In the beginning of May, when the Ariel Castro story broke, I spent a full week glued to the website of the Cleveland Plain Dealer. The paper’s wall-to-wall Castro coverage was outstanding, which is why I was disheartened to learn that its owner, Advance Publications, had already announced plans to fire dozens of employees and switch to a three-day-a-week publication schedule. The paper’s editor claimed the changes were necessary for the Plain Dealer “to continue to serve the community as the leading source of news and information for years to come.”
At the end of July, the Plain Dealer lost approximately 45 editorial employees due to layoffs and voluntary exits, reducing the size of its newsroom by about one-third.
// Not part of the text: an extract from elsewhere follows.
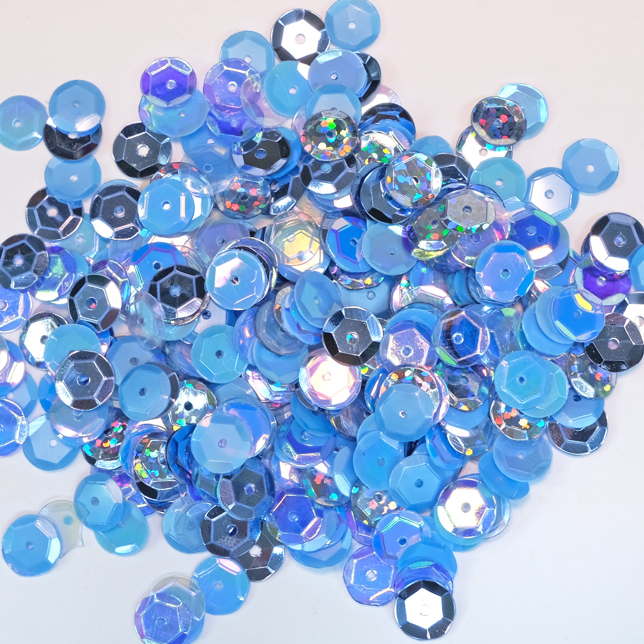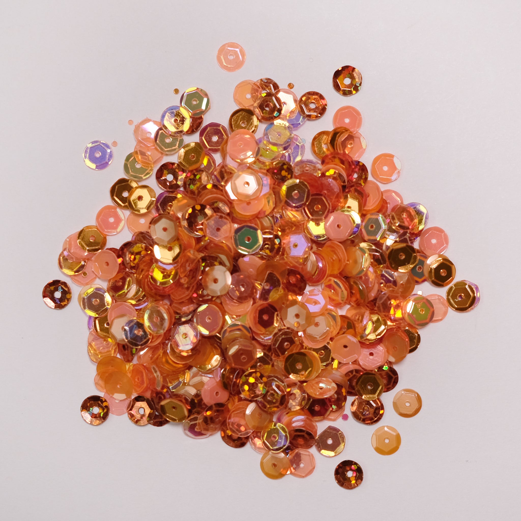 Each metal tin holds 8mm lightly cupped sequins in a blend of specific colors. They come packaged in a 2" x 2" x 1" square metal tin with a window so you can see what's inside.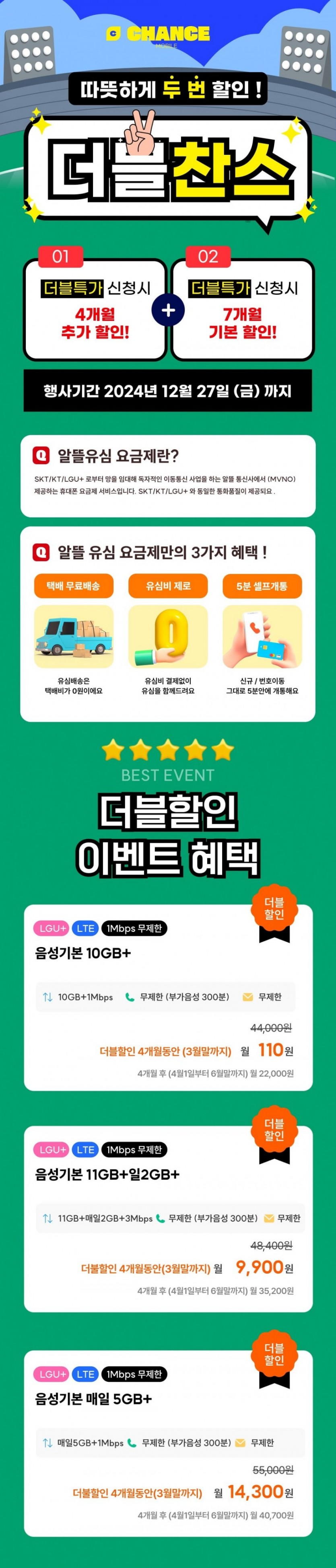 찬스모바일 초특가 작성자 정보 관리자 작성 작성일 2024.12.23 19:53 컨텐츠 정보 1,982 조회 0 추천 0 비추천 목록 본문 찬스모바일쉽고 빠른 개통, 통신비 절감의 찬스!https://chancemobile.co.kr/view/distributor/phone_plan_distributor.aspx?poscd=bcd188635790aefcd14ba77b3f85b1c0 알뜰폰 10GB+1MPS 3월30일까지 100원알뜰폰 11G+2GB+3MBPS 3월30일까지 9900원 . 100기가+5mps . 14000원 . 3월까지쓰고 4월에 번호이동 하심 될거 같네요.그리고 테더링 필요하신분은 엘지 특성상 E심 섞어서 하는 것도 추천 드립니다. E심 개통도 가능하다고합니다.#viral#fyp#tiktok#comedy 0 추천 0 비추천 SNS 공유 관련자료 링크 https://chancemobile.co.kr/view/distributor/phone_plan_distributor.aspx?poscd=bcd188635790aefcd14ba77b3f85b1c0 807 회 연결 이전 리쏘 영원씨 안마의자 작성일 2025.02.08 21:35 다음 “나야, 흑백요리사” 출연진들의 식당 리스트 총정리! 작성일 2024.10.11 16:23 댓글 0 등록된 댓글이 없습니다. 로그인한 회원만 댓글 등록이 가능합니다. 목록

Among those fired were many reporters and photographers who substantively contributed to the paper’s Castro coverage: Edith Starzyk, who wrote about how Castro was fired from his job as a school bus driver; Michael O’Malley, who reported on the Castro family’s Cleveland-area roots; Felesia Jackson, who produced a helpful interactive guide to the major players in the ongoing story; several others.
But not to worry, Cleveland-area news consumers: In the paper’s own story about the layoffs, Robert L. Smith noted that company executives promised “the company would marshal its resources to deliver a quality product in the digital age.”
How’s that product looking? On Thursday the Cleveland.com website—which is “powered by” the Plain Dealer and the Sun News community newspapers—ran a review of the Cheesecake Factory. (Hat tip to @calebhannan.) According to writer Barbara Collier, the chain restaurant’s menu is “22 colorful pages long and almost mind-boggling, with one choice sounding better than the next.” But what’s on the mind-boggling menu, and how much do those mind-boggling menu items cost, you ask?
The most popular pasta dish is Cajun jambalaya pasta ($16.95). Shrimp and chicken breasts are sauteed with tomatoes, onions and sweet peppers in a "very spicy Cajun sauce" top a bed of fresh linguine. (Full size portions only).
There is an ala carte Sunday brunch (10 a.m to 2 p.m). Choices range from giant Belgian waffle ($6.95 for plain). Add strawberries, pecans and chantilly cream ($9.95).
For traditionalists, it's the brunch combo ($8.95) consisting of two eggs, two slices of bacon and two buttermilk pancakes. Kids brunch ($6.95) is small order of French toast or buttermilk pancakes, bacon and fresh fruit.
Fresh brewed coffee ($2.95), fresh orange juice ($3.95).
Collier also noted that lunch portions are served until 5 p.m.
Now, we all sit back and wait for the inevitable throwdown between Collier and the Grand Forks Herald’s Marilyn Hagerty over who truly owns the extremely-kind-older-woman-reviews-a-chain-restaurant beat. (Hagerty on Olive Garden: “The chicken Alfredo ($10.95) was warm and comforting on a cold day. The portion was generous. My server was ready with Parmesan cheese.”)
Collier’s reviews on the Plain Dealer website date back to at least 2008, when she penned a piece headlined “This fine Blue Planet is a dino-mite place to eat.” In the intervening years, she has noted that “West End Bistro is an East Side destination for great food” and “A tasty variety distinguishes Freddie's, no bones about it.”
What will be next for Cleveland.com readers? A review of Red Lobster? Outback Steakhouse? A combination Pizza Hut and Taco Bell? Or maybe, given the Plain Dealer’s recent layoffs, Barbara Collier will soon get the opportunity to write about crime, and reassure us all that everything is great in Cleveland, and that the city’s police department is doing a mind-boggling job. Whatever happens, Plain Dealer readers can rest assured that the great paper that brought us amazing continuing coverage of the Castro kidnapping will indeed continue to produce a quality product in the digital age. Or a product, at any rate.